On grief, scar tissue, and the courage to open again
May 2, 2026 · 5 min read
The hardest thing about losing love isn’t the loss itself — though that’s devastating enough. It’s what happens to your relationship with love as a concept. The story you told yourself about how things work gets rewritten by someone else, in ink you didn’t choose. And after, it’s hard to trust the story at all.
Here is what nobody says clearly enough: grief is love with nowhere to go. The feeling doesn’t end when the relationship ends. It keeps generating, keeps reaching, keeps expecting the return that isn’t coming. That is not weakness. That is the mechanism of attachment, functioning exactly as designed.
“You only hurt that much because you loved that much. The pain is proof it was real.”
The psychology of grief tells us that loss activates the same neural pathways as physical pain. This is why heartbreak registers in the body — the tight chest, the actual ache, the way it sits behind the sternum like something dense. You are not being dramatic. Your brain is processing a genuine wound. The research shows that emotional pain and physical pain share cortical real estate. This is worth knowing when you’re six weeks in and wondering why you still can’t eat properly.
Time does help. Not in the simple way the phrase implies — not like a clock running down — but more like scar tissue forming. Slowly. Imperfectly. Not returning you to what you were, but creating something new over the wound. Scar tissue is tougher than original tissue. The healed version is not less than what was there before.
The question that tends to arrive — eventually, in the quieter stage of grief — is whether to love again. And the honest answer is: it is terrifying. Opening after loss requires a specific kind of courage that is different from any other. It requires choosing vulnerability when you have very recent, very detailed evidence of what vulnerability can cost.
“Love after loss isn’t naivety. It’s the deliberate choice of someone who knows exactly what they’re risking and decides the risk is worth it.”
Some people decide it isn’t, and that’s a valid human response. Some wounds change the calculation permanently, and there is no shame in that. But for many people, the heart doesn’t close — it learns to open differently. More slowly. With more discernment. With a sharper sense of what matters and what doesn’t, forged by the experience of having lost something real.
There’s something that tends to happen, too: the love that follows a significant loss is often less performative, less afraid of honesty, less willing to settle for connection that doesn’t actually reach.

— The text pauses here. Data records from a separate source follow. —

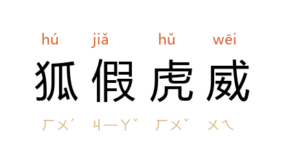 假:假借;凭借。狐狸借着老虎的威风去吓唬其他野兽。比喻凭借别人的威势来欺压人。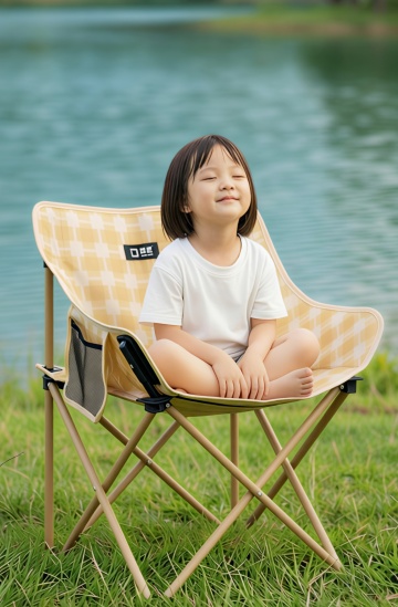 将参考图中的产品作为一个移动小摊,布置在周末公园的草坪上。旁边有几张户外桌椅,一位年轻的女性摊主面带微笑。一位母亲带着孩子坐在椅子上,享受着悠闲的时光。阳光透过树叶洒下斑驳的光影,整个场景宁静而美好,充满了幸福感。自然写实拍摄风景风格不要插画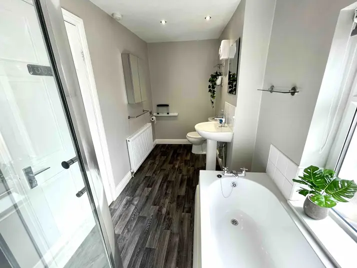 The property benefits from a spacious and modern bathroom, complete with a full-sized bath, separate glass shower enclosure, wash basin and WC. Finished in a clean, contemporary style, it provides both comfort and practicality for shared living.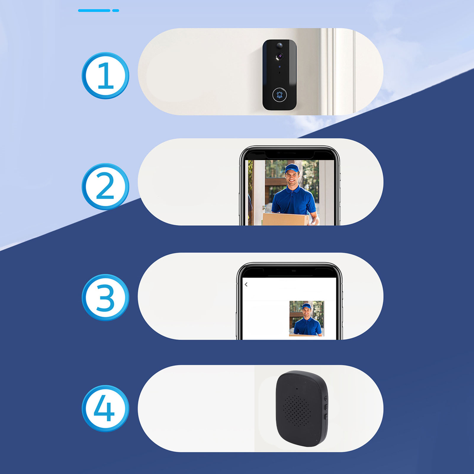 1. Сімейна система: відеокамеру можна легко підключити до 9 членів сім’ї, дозволяючи одночасне push-повідомлення всім підключеним користувачам. Перший член сім’ї, який відповість, може вести дистанційну візуальну розмову з відвідувачем біля дверного дзвінка.

The people who have loved deeply and lost it tend to bring something more present and more honest to what comes next. Not in spite of the grief — because of it.
So if you’re somewhere in the long middle of it right now — not fully in the acute stage, not fully out the other side — this is what I want you to hold: the fact that you feel this is not evidence that something went wrong. It’s evidence that something was real. And real things matter. Even when they end. Maybe especially then.